## EXERCISE DETAILS
Instruction for the listing below: copy exactly, and only, the lines from the one holding "oh oh oh oh |" through its last line, omitting any picture.

## PROVIDED MATERIAL
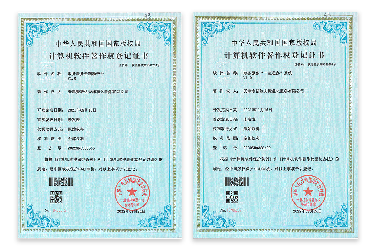 2022年5月16日,天津麥斯達(dá)夫標(biāo)準(zhǔn)化服務(wù)有限公司獲得兩項(xiàng)軟件著作權(quán)證書,“政務(wù)服務(wù)云踏勘平臺(tái)V1.0”“政務(wù)服務(wù)‘一證通辦’系統(tǒng)V1.0”。
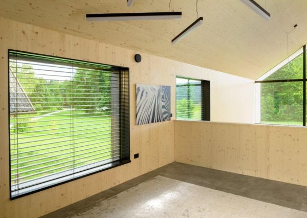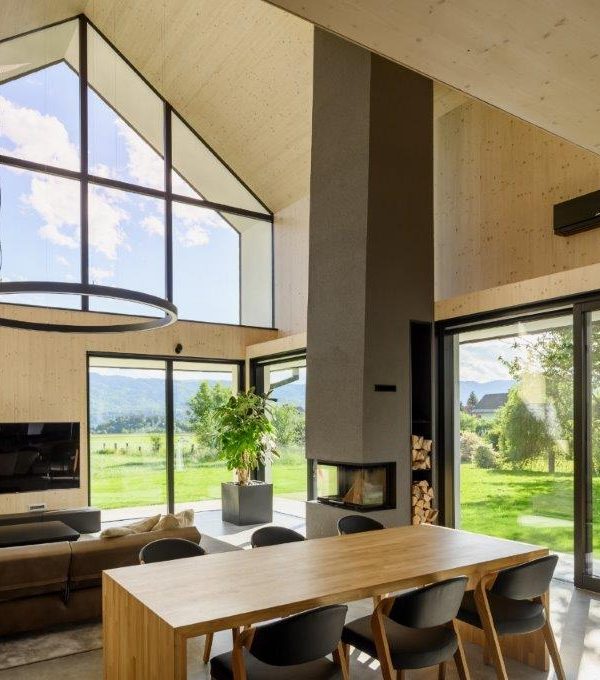 La casa unifamiliare C di Lesce combina tutti gli spazi privati in un’unica unità abitativa nella sua pianta semi-aperta. Il volume a due piani conferisce al design classico della casa un’atmosfera ariosa e aperta, con molta luce naturale in ogni momento della giornata. Gli spazi abitativi e di servizio sono ben collegati, dalla hall alla cucina con soggiorno, guardaroba e sauna. Il design della casa segue le abitudini e le routine degli occupanti. Al piano superiore si trovano le aree private – camere da letto e bagni. Il materiale di costruzione è il legno, visibile nella sua interezza all’interno dell’edificio. (Foto: Miran Kambič)
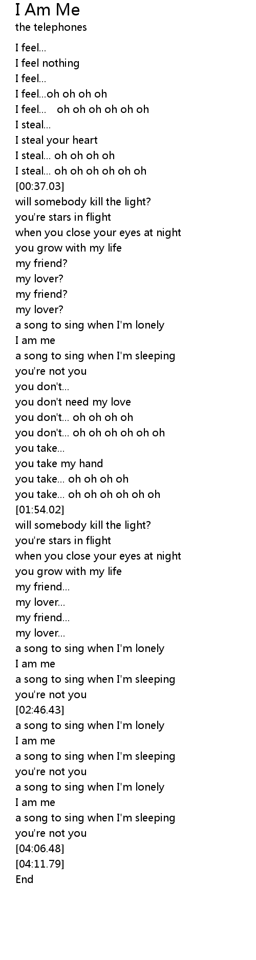 | [00:20.95] | I feel... oh oh oh oh oh oh |
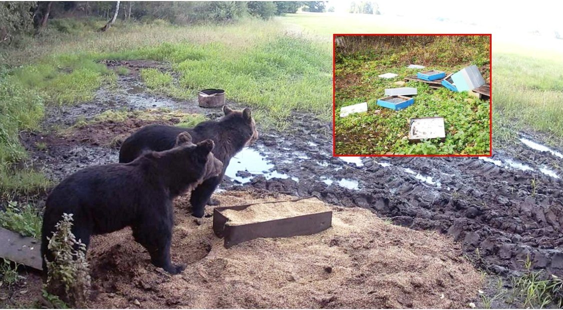 Avilių dalys buvo išmėtytos, išplėšyti ir išgraužti koriai. Manome, kad joks kitas žvėrelis taip negalėjo padaryti, žmogus taip pat – ne. Labai panašu, kad tai – meškos darbas. Labiausiai gaila bičių šeimų.

## SOLUTION TO THE EXERCISE
 | [00:20.95] | I feel... oh oh oh oh oh oh |
 Avilių dalys buvo išmėtytos, išplėšyti ir išgraužti koriai. Manome, kad joks kitas žvėrelis taip negalėjo padaryti, žmogus taip pat – ne. Labai panašu, kad tai – meškos darbas. Labiausiai gaila bičių šeimų.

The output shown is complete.